Gilead is a tyranny of nostalgia, a rape culture that denounces the previous society — ours — for degrading women with pornography. It controls women by elevating them, fetishizing motherhood, praising femininity, but defining it in terms of service to men and children.
Yet the most terrifying parts of “The Handmaid’s Tale” are the flashbacks, to a time very much like ours.
Before the coup, Offred has freedom, a job, Uber. Then things start to change — little things. Women are having trouble conceiving. The government becomes more reactionary. One day, a coffee shop clerk, unprovoked, calls her and her best friend, Moira (Samira Wiley), “sluts.”
Something primal and angry is awakening. Some people are exhilarated: Finally, they can say what’s on their minds, without the PC thought police cracking down! The show is also attentive to how progressive men can back-burner the concerns of women. Offred’s husband, Luke (O-T Fagbenle), for instance, is convinced that the craziness is bound to blow over.

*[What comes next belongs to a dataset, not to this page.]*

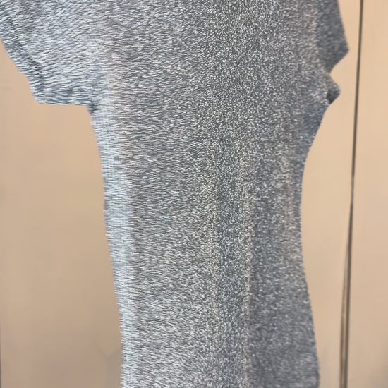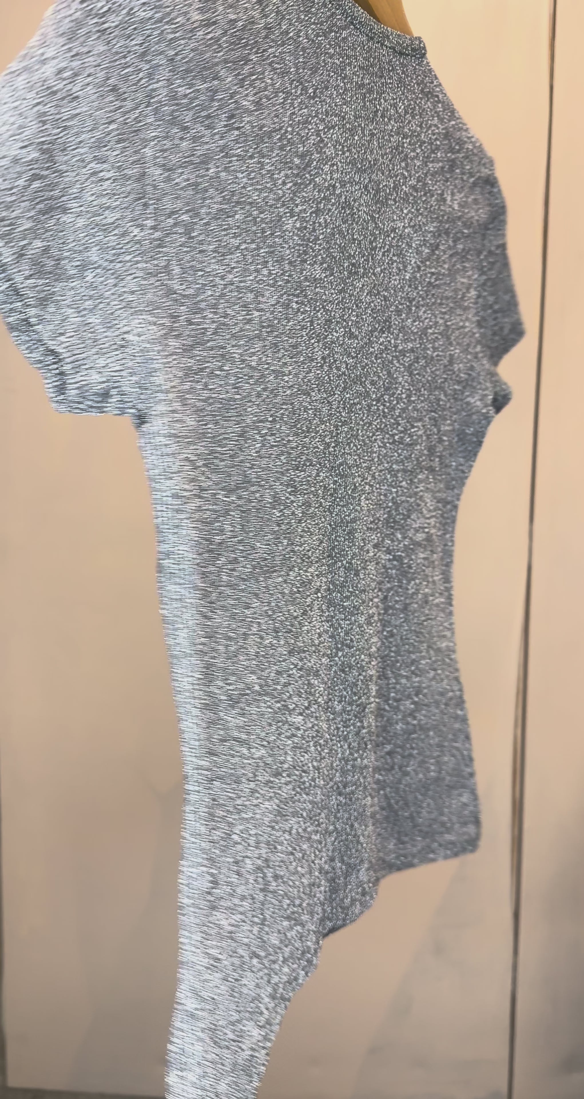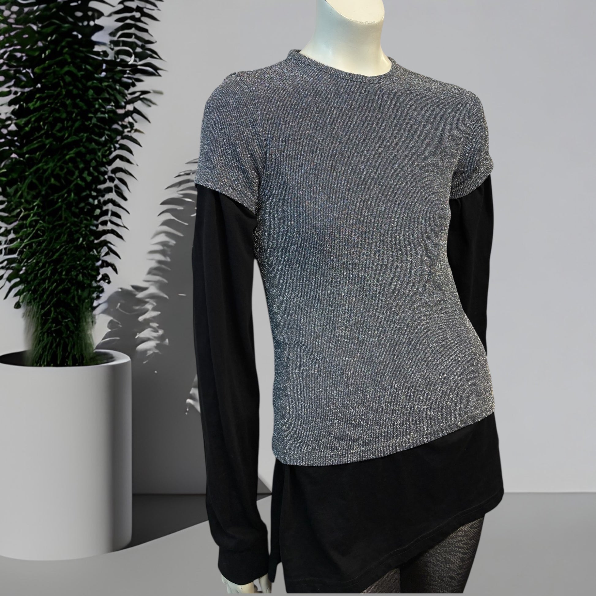 Close fitted 90’s Keith Matheson long line tee/top in a dark silver Lurex with stretch.

It doesn’t. An intermediate layer of flashbacks finds Offred, Moira and a class of future handmaids at a re-education center being indoctrinated, with homilies and a cattle prod, by Aunt Lydia (a coolly imperious Ann Dowd). “This may not seem ordinary to you right now,” she tells them. “But after a time it will.”
The line is terrifying because it rings so true. You may not believe that anyone, in real life, is actually Making America Gilead Again. But this urgent “Handmaid’s Tale” is not about prophecy. It’s about process, the way people will themselves to believe the abnormal is normal, until one day they look around and realize that these are the bad old days.